Fig. 1: Hybrid device of plasmonic superconductor and the superconductivity modulation by plasmon excitation.

a Schematic of the gold nanoparticles (AuNPs)/hexagonal boron nitride (hBN)/NbSe₂ device under light illumination. b Optical image of a typical device A1 with a two-terminal measurement configuration and scanning electron microscope (SEM) image of the AuNPs organized on top of hBN/NbSe₂. The pink and cyan dashed lines outline the NbSe₂ and hBN flakes. c Left axis: Optical absorption spectra of the AuNPs on a quartz substrate. The black arrows denote the on (off)-resonant plasmon excitation by 532(1064)-nm light. Right axis: T_c modulation coefficient versus illumination wavelength. The error bars are obtained by the linear fittings in Supplementary Fig. 4. d–f Sample resistance R of device A1 as functions of temperature T and photon flux N₅₃₂ (N₁₀₆₄) under on(off)-resonant plasmon excitation by 532(1064)-nm light illumination. A contact resistance R_c = 54.5 Ω has been deducted. The white dashed lines denote the superconducting transitions where R reaches 50% of the normal state resistance. e–g Typical R-T curves for dark and on/off resonance cases (at the same photon flux of 4.68 × 10¹³ s⁻¹mm⁻²). h Superconducting critical temperature T_c versus photon flux N under on(off)-resonant plasmon excitation. T_c is defined by the temperature at which R reaches 50% of the normal state resistance.
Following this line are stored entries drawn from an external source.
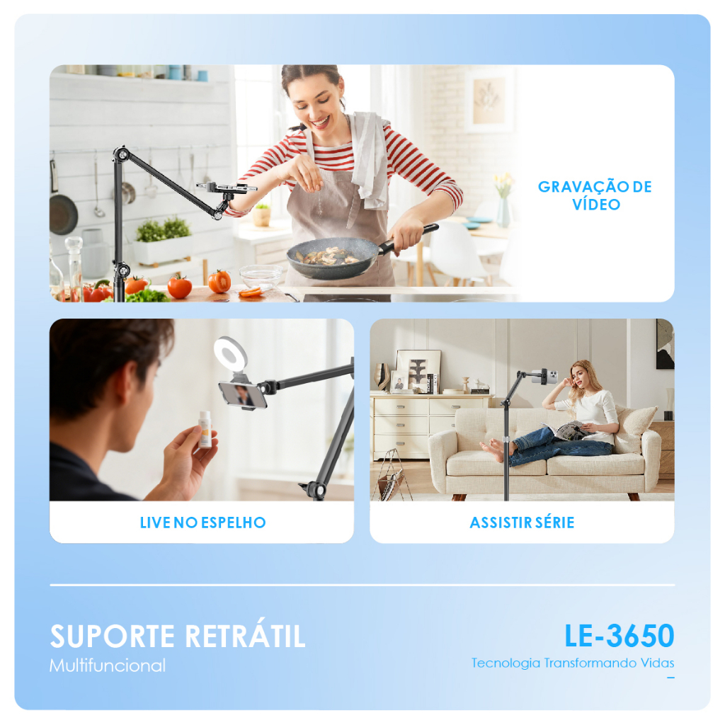 Suporte Celular com Ring Light Altura Regulável Base Antiderrapante Clip Extensível Estável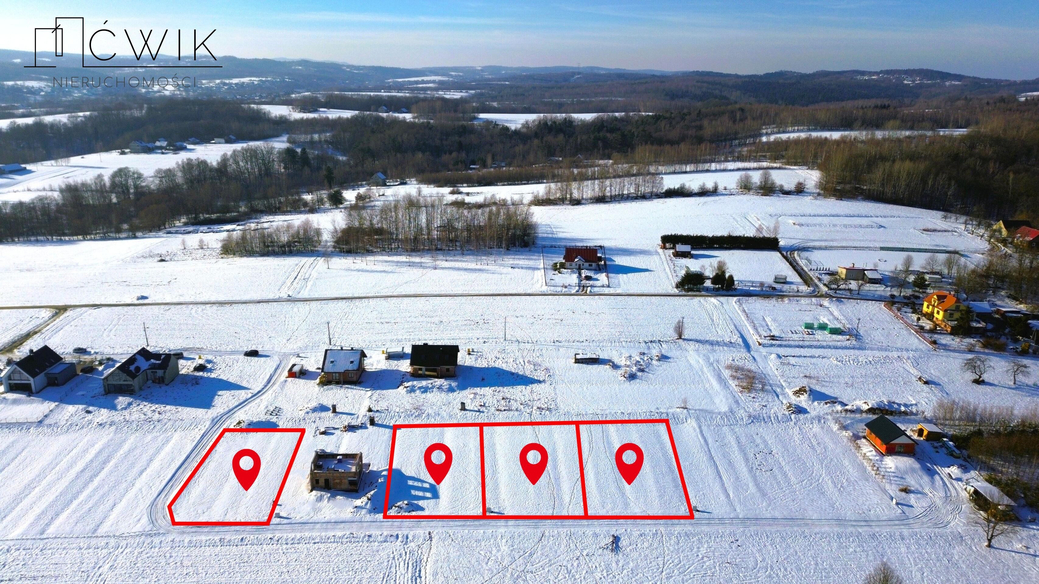 - Działki ustawne i kształtne - idealne pod budowę domu jednorodzinnego (wymiary zaznaczone na rzucie z geoportalu dołączonym do oferty).
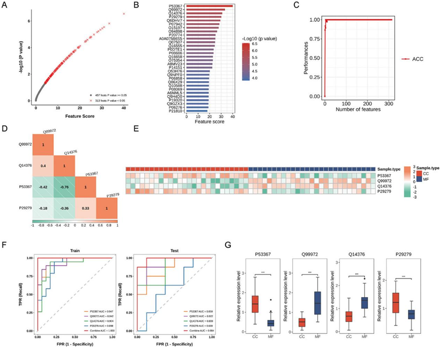 他们评估了定量蛋白质作为机器学习的输入特征,并使用 SVM 算法确定了最相关的蛋白质。他们进行了单变量特征分析,以分析每种蛋白质在区分两类患者(MFS或CC)中的重要性,并随后根据其得分和p值对其进行排序(图6A),获得了排名前30位的蛋白(图6B)。为了获得候选的最佳子集,他们采用了IFS方法(图6C)。他们使用 AUC 评估了所选蛋白质的预测性能。一组表现出最高 AUC 的候选特征是最相关的特征。使用这些蛋白质作为特征,生成了最佳的诊断模型。映射到四种不同基因产物(CCN2、ARFIP1、GALE 和 MYOC)的四个排名最高的特征在区分患者方面表现出最佳性能。他们创建了描述皮尔逊相关系数和定量水平的热图,数据表明该模型没有冗余(图 6D-E)。在测试集中,诊断模型显示组合 AUC 为 0.98(图 6F)。箱线图展示了从所有样本中获取的相对表达变化(图 6G)。
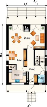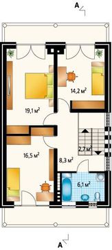 Для приема друзей и родственников в этом жилом доме выделен второй этаж. Гостиная объединяет все помещения. Удаленная часть отдана под кухню. Размещение рядом со столовой упрощает труд хозяйки. В оставшемся пространстве достаточно места для проведения пышных празднеств и шумных вечеринок. Особенным помещение делают балконы. Они просторные и большие по размерам, предусмотрены выходы из всех жилых зон.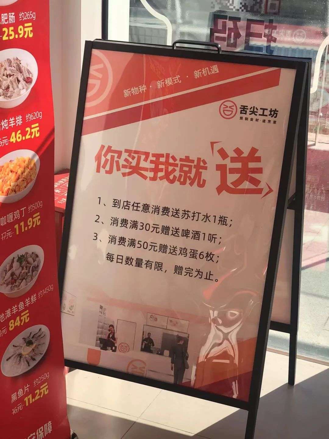这一品类设置使“舌尖工坊”看上去不太像预制菜专门店,而更像是以预制菜为特色的线下食材超市。同时,在舌尖工坊网站的宣传图中,超市3.0的字样也出现在了招牌上。从此类操作来看又与锅圈食汇非常相似。

Linear fittings yield T_c modulation coefficients of −1.38 × 10⁻¹⁴ Ksmm² and −0.16 × 10⁻¹⁴ Ksmm² for on- and off-resonant plasmon excitations, respectively. i T_c modulation coefficient as a function of the number of layers of NbSe₂. The red circles and black squares are experimental data and theoretical predictions, respectively. The experimental data (red circles) are collected from twelve NbSe₂ devices with different thicknesses. The error bars are obtained by the same method as in c.